The truce with Bubbles had brought a fragile peace, but it was shattered by a single, chilling discovery.
It was on a Tuesday morning, as Maya was fumbling for her keys, that she saw it. A faint, sickly-green symbol, no larger than her thumb, was seared into the wood of her apartment door, right next to the peephole. It looked like a stylized eye with a jagged tear running through it, and it seemed to pulse with a faint, internal light, like the glow of rotten wood.
Her first thought was vandalism. Some kid with a weird laser pointer. But the mark was burned into the wood, smooth and seamless. There was no charring, no smell. It was just… there.
A cold knot tightened in her stomach. She didn't call out a greeting as she usually did. She pushed the door open slowly, her heart hammering against her ribs.
Mal was already on the floor by the entrance, standing rigidly. He wasn't looking at her. His entire focus was on the mark, his golden eyes wide, his body so still he might have been carved from stone. The usual air of haughty impatience was gone, replaced by a silence so profound it was more terrifying than any of his grumbling.
"Mal?" she whispered, her voice barely audible.
He didn't respond for a long moment. Then, slowly, he reached out a single claw and traced the air an inch from the symbol, as if afraid to touch it.
"Where did you find this?" His voice was flat, stripped of all its usual gravel and reverb. It was the sound of pure dread.
"On the door. Just now. What is it?"
He finally turned to look at her, and the fear in his eyes made her blood run cold. "It is a Hunter's Mark," he said. "A sigil of the Unseen. Morvana's personal assassins."
The name meant nothing to her, but the title 'Unseen' sent a shiver down her spine. "Are they like the goblins?"
A bitter, humorless sound escaped him. "The goblins were crude scouts, barely sentient. The Unseen are… something else. They are not creatures of flesh and blood. They are fragments of concentrated silence and hate. They do not walk; they flow. They do not break down doors; they phase through the spaces between atoms in the wood."
He turned back to the mark, his tail lashing once, a sharp, nervous twitch. "The mark is a tracker. It does not just tell them where we are. It tells them what we are. It has tasted my essence. And now… they are counting."
"Counting what?"
"Our heartbeats."
The simple, horrifying statement hung in the air. Maya leaned against the doorframe, feeling suddenly weak. The safe, quirky bubble of her life with a grumpy Dark Lord had been violently popped. This wasn't a game anymore.
"Why is this different?" she asked, her voice trembling. "You weren't this scared of the goblins."
"Because the goblins were an extermination squad. They were meant to kill a weakened foe." He gestured to the pulsing sigil. "This… this is a hunting party. They are not just here to kill me. They are here to collect me. To take my essence back to Morvana so she can use it to cement her power, or perhaps simply to torment for an eternity. They will not stop. They cannot be reasoned with. They are the reason entire worlds learned to fear the dark."

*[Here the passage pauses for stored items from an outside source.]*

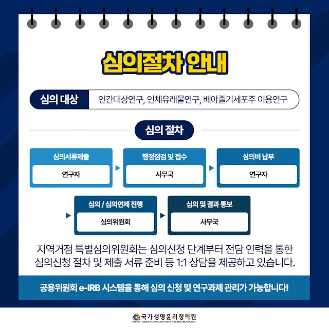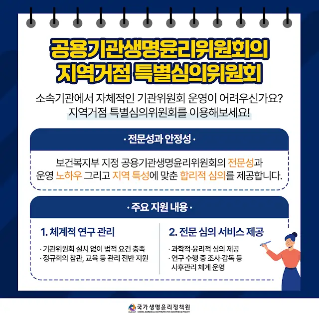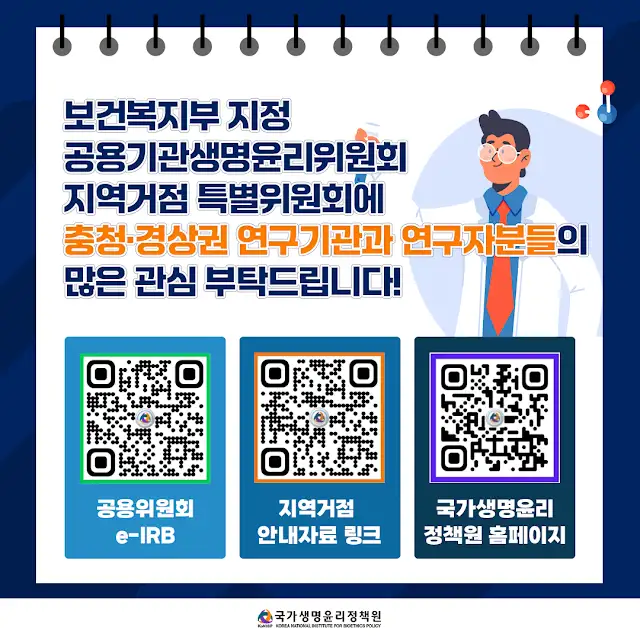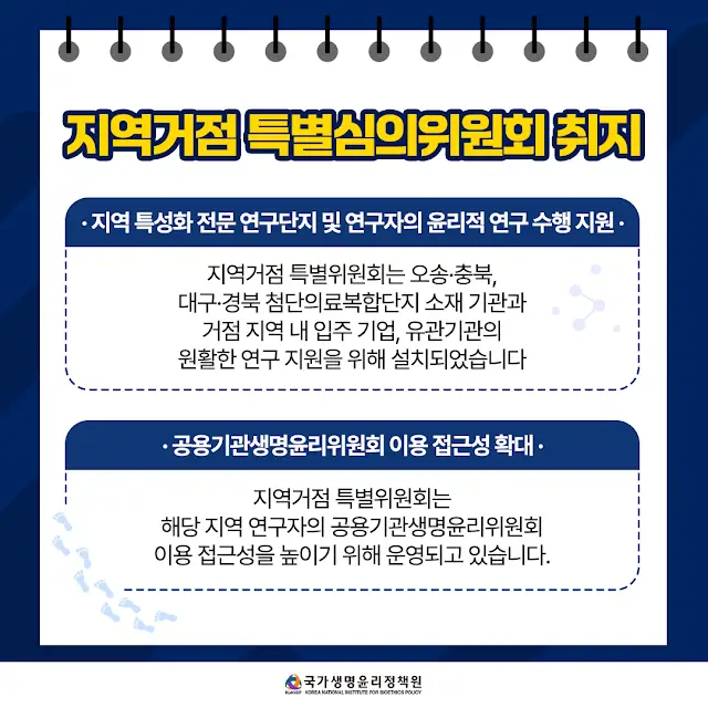 지역 특성화 전문 연구단지 및 연구자의 윤리적 연구 수행을 위해 공용기관생명윤리위원회가 운영하는 지역거점 특별심의위원회를 소개합니다
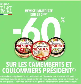 Actuellement en offre chez Intermarché Hyper : PRÉSIDENT Sur les camemberts et coulommiers ✅ Valable du 17-03 au 29-03.
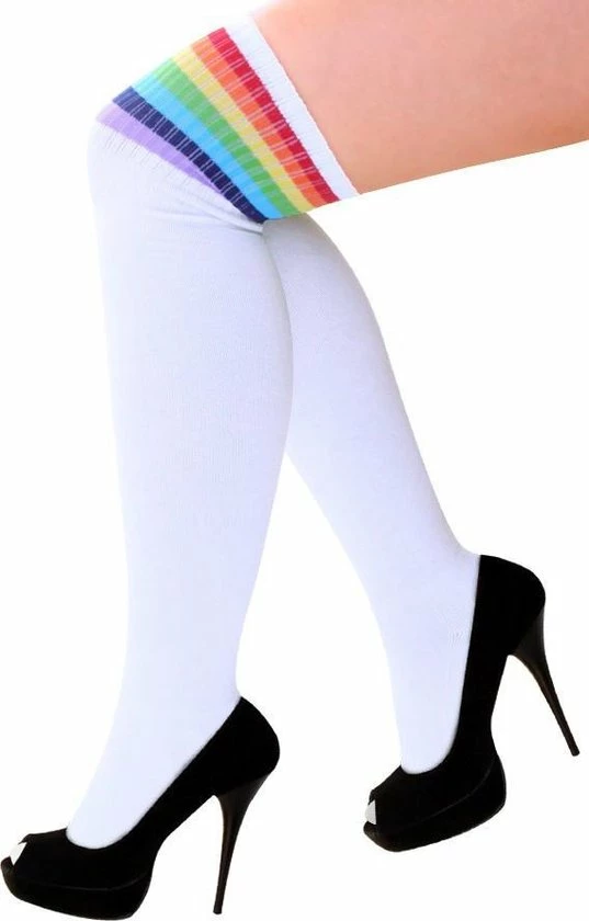 Maak jouw outfit nu compleet met deze witte kniekousen met rode streepjes! Deze sokken tot aan de knie kun je dragen bij veel gelegenheden: als voetbalsokken, hockeysokken, rugbysokken, sportsokken, onder je rockabilly outfit, college outfit, cheerleader outfit, tiroler lederhosen, naar een festival in je sneakers, thuis op de bank of elke gelegenheid die jij maar kunt verzinnen!

As he spoke, the overhead light in the hallway flickered. Once, twice, then died, plunging them into a deep grey twilight. It wasn't a power cut; the kitchen light was still on, casting a long, distorted shadow of Mal down the hall.

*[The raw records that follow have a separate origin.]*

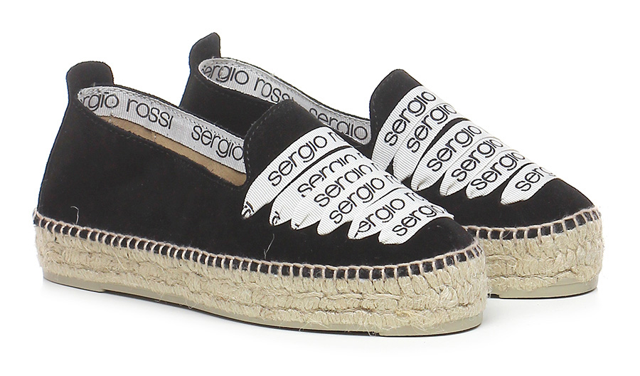 Scarpa bassa in camoscio, suola in gomma. Tacco 40, platform 40. Zeppa rivestita in corda, logo lettering frontale
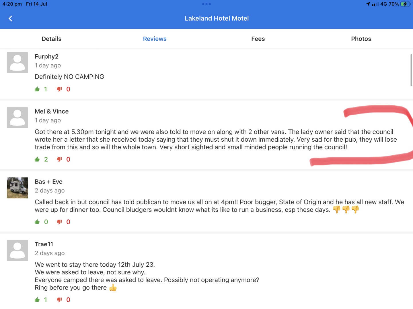 Council ordered the camp associated with the hotel closed immediately at 16:00 yesterday. Publican had to ask everyone leave asap. Travellers turned away at 17:30 with nowhere to go but Cooktown or back to Rifle Creek. Interesting to note the Cook Council who control the Lakeland area are planning to close the Cooktown Racecourse RV site next year eventhough ALL CPs are chockers. Maybe we should start an RV Unfriendly Town page
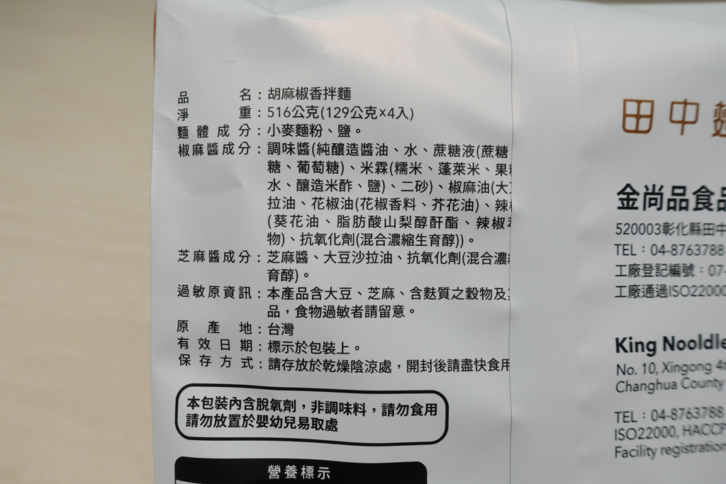 這次試吃的產品就是金尚品新推出的自有品牌: 田中麵廠-胡麻椒香乾拌麵!
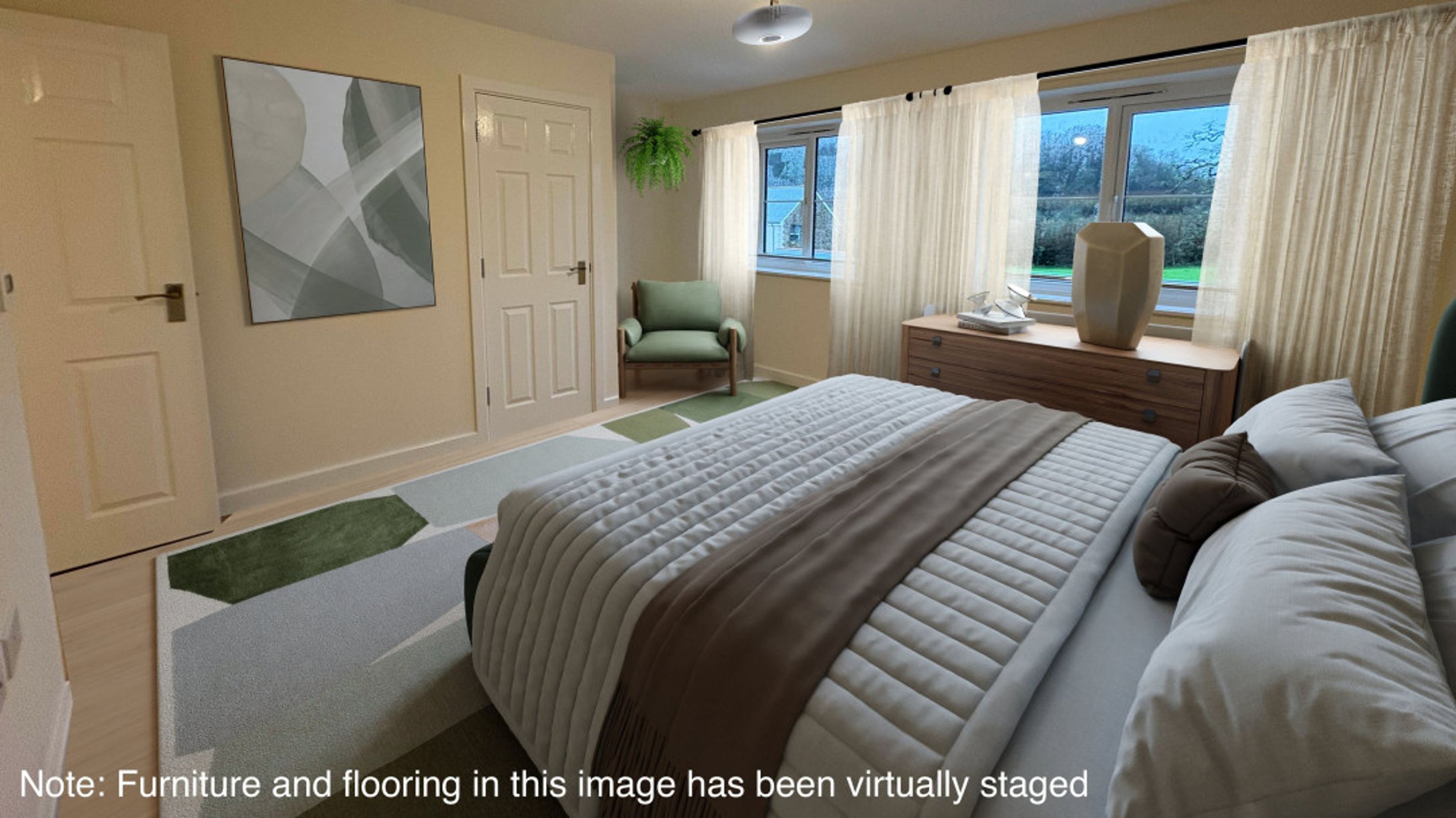 Disclaimer: Images may be computer-generated and are for illustrative purposes only, so may not be representative of exact plots or the building. Photos are for guidance only and may not show properties accurately. Photos are representative of style and finish which may be available on the development or building. This includes that the colours of the building may be different. Individual specifications may vary including that fittings and features may be different to those pictured. This includes differences in building materials, windows, doors, brick, carpet, paint, driveways, roads, plants, greenery, fencing, doors and guttering. Any furnishings are not included in any sale or let, but are for illustration only. Homes may be detached, semi-detached or mid terrace, please speak to a sales officer for further information. Homes may or may not have a garage or shed, please speak to a sales officer for further information. Floor plans and images are not to scale and are indicative only. Location of windows and doors may differ. Dimensions should not be used for carpet or flooring sizes, appliances spaces or items of furniture. Please note, some plots may be handed (which means that the layout may be a mirror image of the plan shown above). The layout of bathrooms and kitchens may change. Doors may swing in the opposite direction to that shown on selected houses. Please speak to a sales officer for further information.
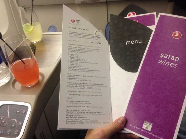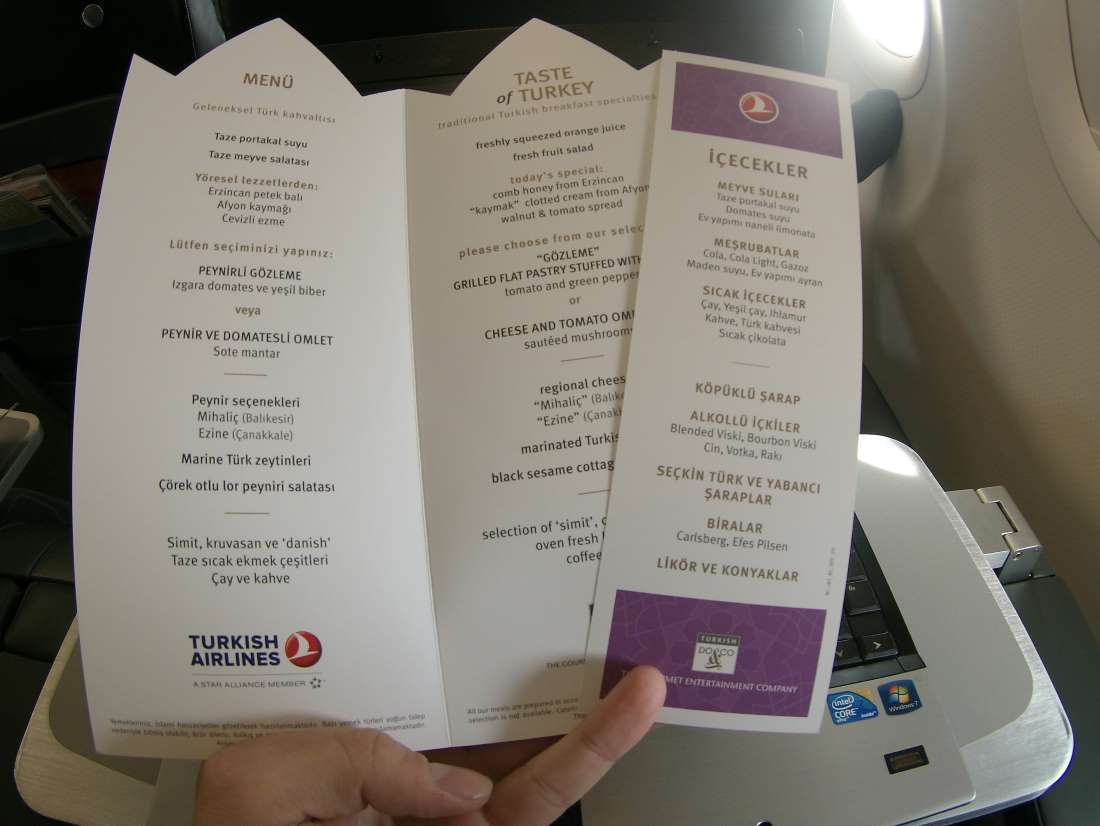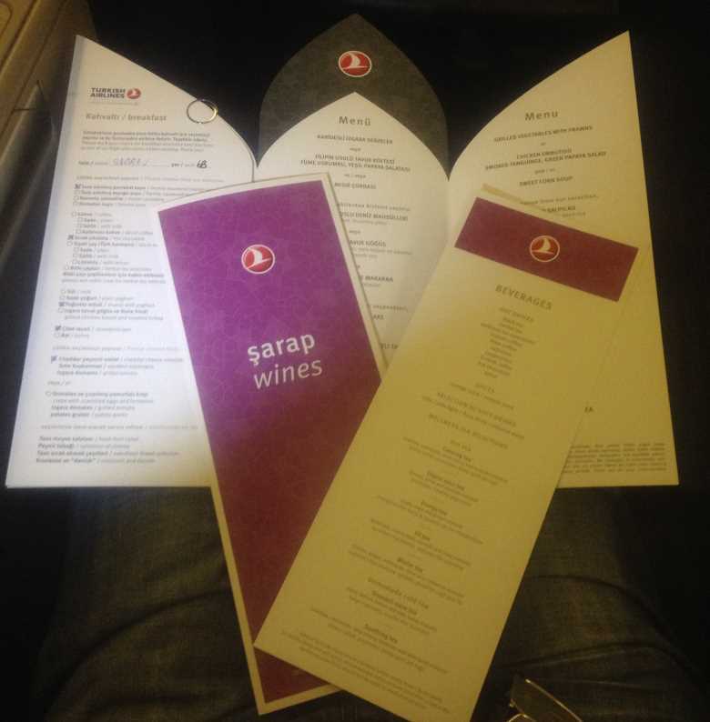 - Malý jídelní lístek na letu Praha – Istanbul (v pozadí welcome drink)

They both froze, listening.
There was no sound from the building's other apartments. No distant traffic. Nothing. It was as if they had been wrapped in a blanket of absolute silence.
Mal's form seemed to grow smaller. "They are close," he breathed. "The mark… it draws them. It weakens the barriers around this place. My power is still a flicker. I cannot fight them. Not yet."

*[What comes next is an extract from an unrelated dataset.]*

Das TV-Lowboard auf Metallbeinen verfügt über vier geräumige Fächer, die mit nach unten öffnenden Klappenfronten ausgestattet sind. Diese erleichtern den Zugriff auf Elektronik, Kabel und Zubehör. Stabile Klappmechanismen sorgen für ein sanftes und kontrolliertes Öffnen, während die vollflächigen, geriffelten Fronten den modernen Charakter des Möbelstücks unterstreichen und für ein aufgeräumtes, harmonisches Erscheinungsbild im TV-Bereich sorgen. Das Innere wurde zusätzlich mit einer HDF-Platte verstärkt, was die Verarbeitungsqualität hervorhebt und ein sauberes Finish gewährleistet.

The comfortable, familiar space of her apartment hallway suddenly felt like a trap. The walls seemed to press in, the shadows in the corners deepening, becoming solid and menacing. Every creak of the floorboards from the apartment above, which she usually ignored, now sounded like a footstep.
Maya looked from the terrifying, pulsing mark on her door to the small, frightened creature she had brought home from the rain. The Dark Lord was gone, replaced by a fugitive. And she was his only shield.
The light flickered back on. The mundane sounds of the city slowly filtered back in. But the cold dread remained, settled deep in their bones. The hunt had begun.